_Directions for this task_
From the listing below, reproduce exactly the lines starting with the one with "- Gleaming main" and going on through the one with "En stor dyb", both ends kept. No picture is copied.

_Data excerpts_
——

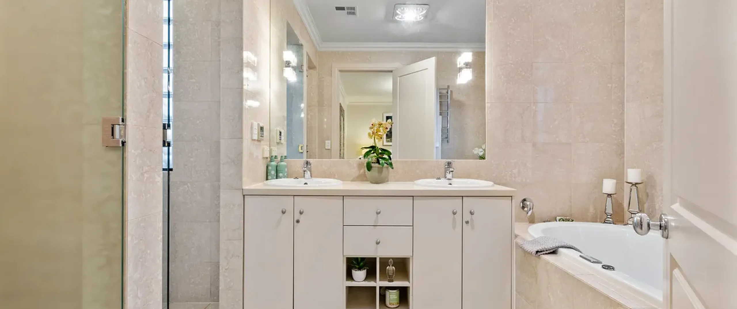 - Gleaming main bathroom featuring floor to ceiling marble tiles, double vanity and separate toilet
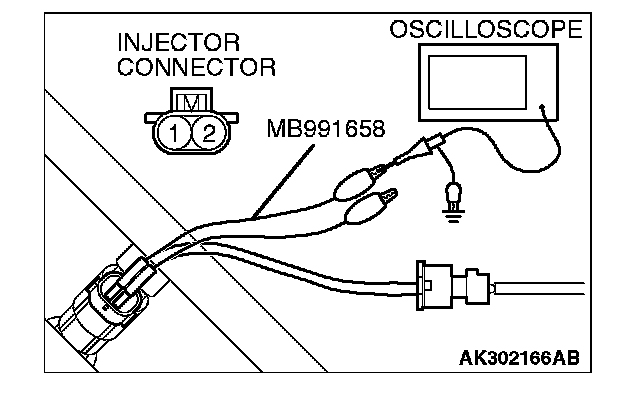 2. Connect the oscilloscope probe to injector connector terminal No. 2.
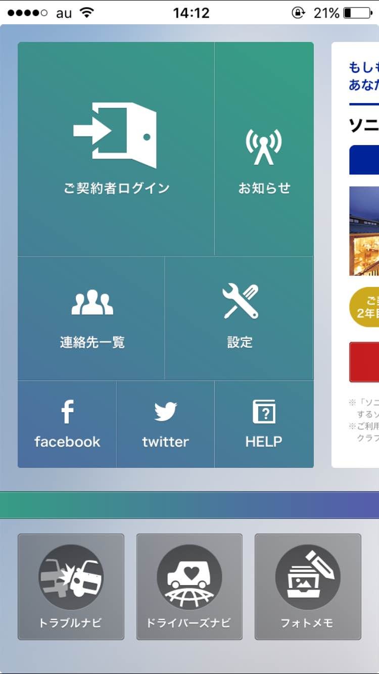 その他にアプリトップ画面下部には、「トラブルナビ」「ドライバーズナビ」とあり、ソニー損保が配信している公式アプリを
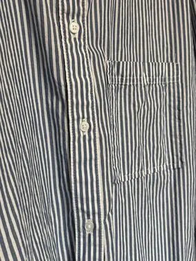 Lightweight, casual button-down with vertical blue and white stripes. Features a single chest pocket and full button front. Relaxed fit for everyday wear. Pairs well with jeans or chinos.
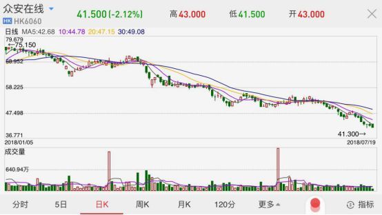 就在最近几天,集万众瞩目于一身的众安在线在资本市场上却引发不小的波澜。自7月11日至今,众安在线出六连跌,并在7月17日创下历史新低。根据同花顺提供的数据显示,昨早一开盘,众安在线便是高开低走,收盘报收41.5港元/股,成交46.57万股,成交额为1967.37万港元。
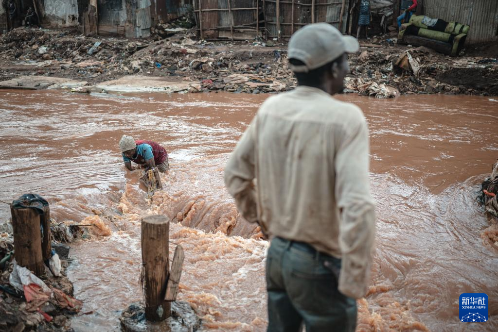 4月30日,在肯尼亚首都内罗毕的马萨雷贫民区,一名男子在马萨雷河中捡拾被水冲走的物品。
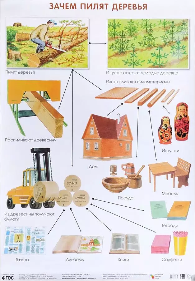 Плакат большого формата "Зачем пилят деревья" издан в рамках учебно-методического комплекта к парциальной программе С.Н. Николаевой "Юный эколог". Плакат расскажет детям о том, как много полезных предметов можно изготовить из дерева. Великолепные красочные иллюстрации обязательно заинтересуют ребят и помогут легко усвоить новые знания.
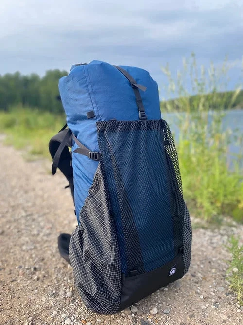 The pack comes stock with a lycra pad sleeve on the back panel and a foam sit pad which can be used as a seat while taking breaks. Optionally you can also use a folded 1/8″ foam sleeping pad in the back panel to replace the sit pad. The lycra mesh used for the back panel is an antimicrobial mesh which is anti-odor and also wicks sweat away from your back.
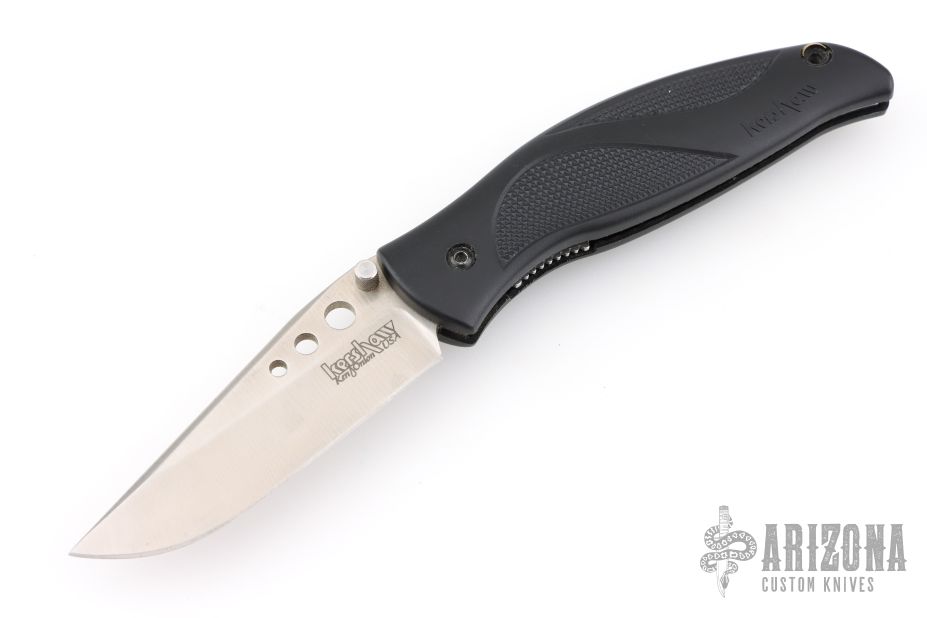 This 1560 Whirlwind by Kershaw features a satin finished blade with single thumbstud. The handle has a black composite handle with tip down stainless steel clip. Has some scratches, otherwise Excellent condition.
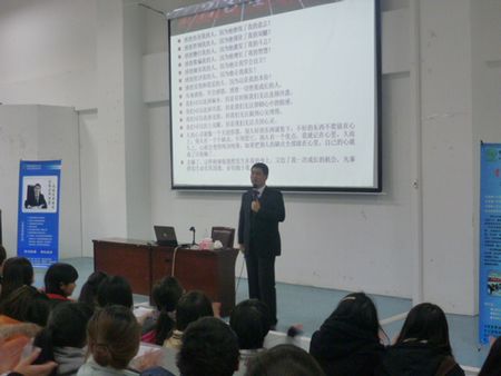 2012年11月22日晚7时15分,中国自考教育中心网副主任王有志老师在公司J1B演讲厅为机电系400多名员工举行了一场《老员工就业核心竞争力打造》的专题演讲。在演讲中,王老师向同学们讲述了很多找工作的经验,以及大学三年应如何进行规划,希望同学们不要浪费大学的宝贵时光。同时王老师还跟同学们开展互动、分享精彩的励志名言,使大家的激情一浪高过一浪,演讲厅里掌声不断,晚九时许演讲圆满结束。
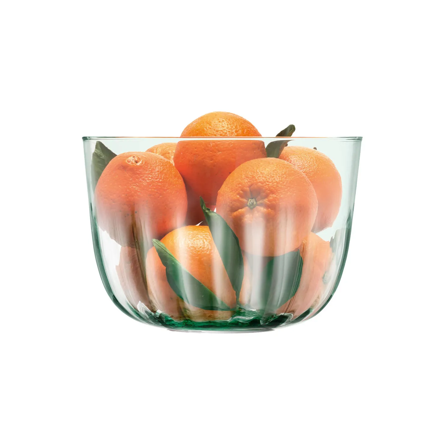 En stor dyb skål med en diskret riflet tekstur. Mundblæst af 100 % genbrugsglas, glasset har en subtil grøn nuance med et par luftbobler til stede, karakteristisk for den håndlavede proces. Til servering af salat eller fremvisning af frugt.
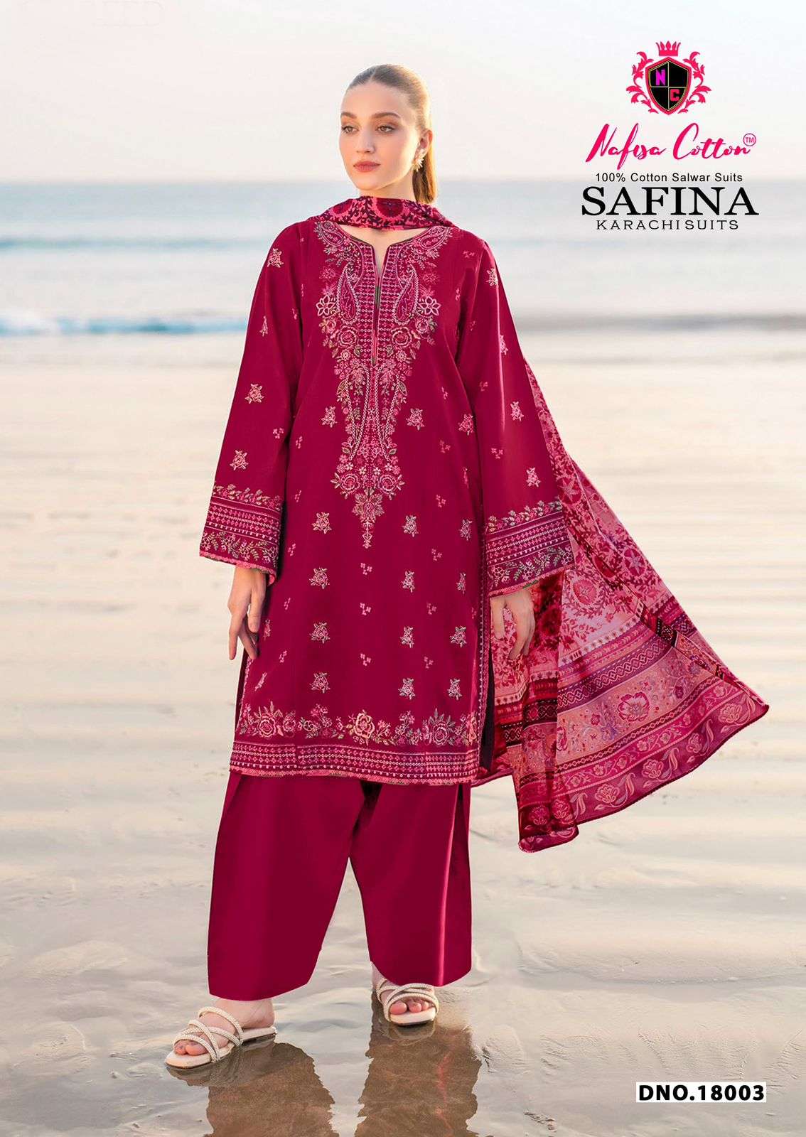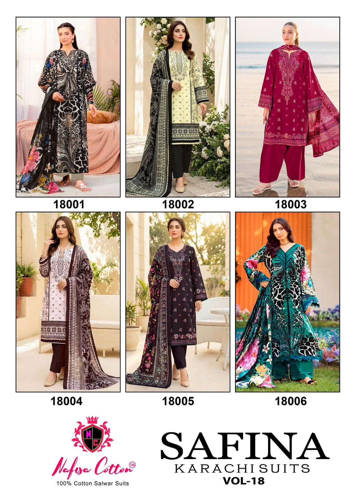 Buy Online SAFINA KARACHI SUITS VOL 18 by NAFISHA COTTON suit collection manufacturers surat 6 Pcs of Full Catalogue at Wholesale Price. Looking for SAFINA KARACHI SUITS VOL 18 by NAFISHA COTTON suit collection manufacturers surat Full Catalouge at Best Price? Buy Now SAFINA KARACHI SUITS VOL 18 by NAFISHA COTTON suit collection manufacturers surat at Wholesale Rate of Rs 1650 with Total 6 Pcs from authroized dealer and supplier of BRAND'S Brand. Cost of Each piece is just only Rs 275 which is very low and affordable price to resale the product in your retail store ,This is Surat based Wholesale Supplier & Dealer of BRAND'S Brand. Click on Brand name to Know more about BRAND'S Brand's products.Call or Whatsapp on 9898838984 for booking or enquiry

——

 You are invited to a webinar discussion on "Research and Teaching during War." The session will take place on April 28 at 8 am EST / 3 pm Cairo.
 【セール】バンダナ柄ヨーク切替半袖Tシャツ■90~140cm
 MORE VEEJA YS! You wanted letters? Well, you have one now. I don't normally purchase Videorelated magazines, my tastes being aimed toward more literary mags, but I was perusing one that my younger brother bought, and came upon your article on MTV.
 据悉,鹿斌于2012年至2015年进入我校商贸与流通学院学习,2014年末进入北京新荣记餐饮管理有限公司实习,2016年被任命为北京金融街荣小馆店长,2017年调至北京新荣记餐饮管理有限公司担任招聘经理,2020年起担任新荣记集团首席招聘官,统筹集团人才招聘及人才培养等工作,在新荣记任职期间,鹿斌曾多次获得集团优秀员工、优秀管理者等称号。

——

_Exercise result_
 - Gleaming main bathroom featuring floor to ceiling marble tiles, double vanity and separate toilet
 2. Connect the oscilloscope probe to injector connector terminal No. 2.
 その他にアプリトップ画面下部には、「トラブルナビ」「ドライバーズナビ」とあり、ソニー損保が配信している公式アプリを
 Lightweight, casual button-down with vertical blue and white stripes. Features a single chest pocket and full button front. Relaxed fit for everyday wear. Pairs well with jeans or chinos.
 就在最近几天,集万众瞩目于一身的众安在线在资本市场上却引发不小的波澜。自7月11日至今,众安在线出六连跌,并在7月17日创下历史新低。根据同花顺提供的数据显示,昨早一开盘,众安在线便是高开低走,收盘报收41.5港元/股,成交46.57万股,成交额为1967.37万港元。
 4月30日,在肯尼亚首都内罗毕的马萨雷贫民区,一名男子在马萨雷河中捡拾被水冲走的物品。
 Плакат большого формата "Зачем пилят деревья" издан в рамках учебно-методического комплекта к парциальной программе С.Н. Николаевой "Юный эколог". Плакат расскажет детям о том, как много полезных предметов можно изготовить из дерева. Великолепные красочные иллюстрации обязательно заинтересуют ребят и помогут легко усвоить новые знания.
 The pack comes stock with a lycra pad sleeve on the back panel and a foam sit pad which can be used as a seat while taking breaks. Optionally you can also use a folded 1/8″ foam sleeping pad in the back panel to replace the sit pad. The lycra mesh used for the back panel is an antimicrobial mesh which is anti-odor and also wicks sweat away from your back.
 This 1560 Whirlwind by Kershaw features a satin finished blade with single thumbstud. The handle has a black composite handle with tip down stainless steel clip. Has some scratches, otherwise Excellent condition.
 2012年11月22日晚7时15分,中国自考教育中心网副主任王有志老师在公司J1B演讲厅为机电系400多名员工举行了一场《老员工就业核心竞争力打造》的专题演讲。在演讲中,王老师向同学们讲述了很多找工作的经验,以及大学三年应如何进行规划,希望同学们不要浪费大学的宝贵时光。同时王老师还跟同学们开展互动、分享精彩的励志名言,使大家的激情一浪高过一浪,演讲厅里掌声不断,晚九时许演讲圆满结束。
 En stor dyb skål med en diskret riflet tekstur. Mundblæst af 100 % genbrugsglas, glasset har en subtil grøn nuance med et par luftbobler til stede, karakteristisk for den håndlavede proces. Til servering af salat eller fremvisning af frugt.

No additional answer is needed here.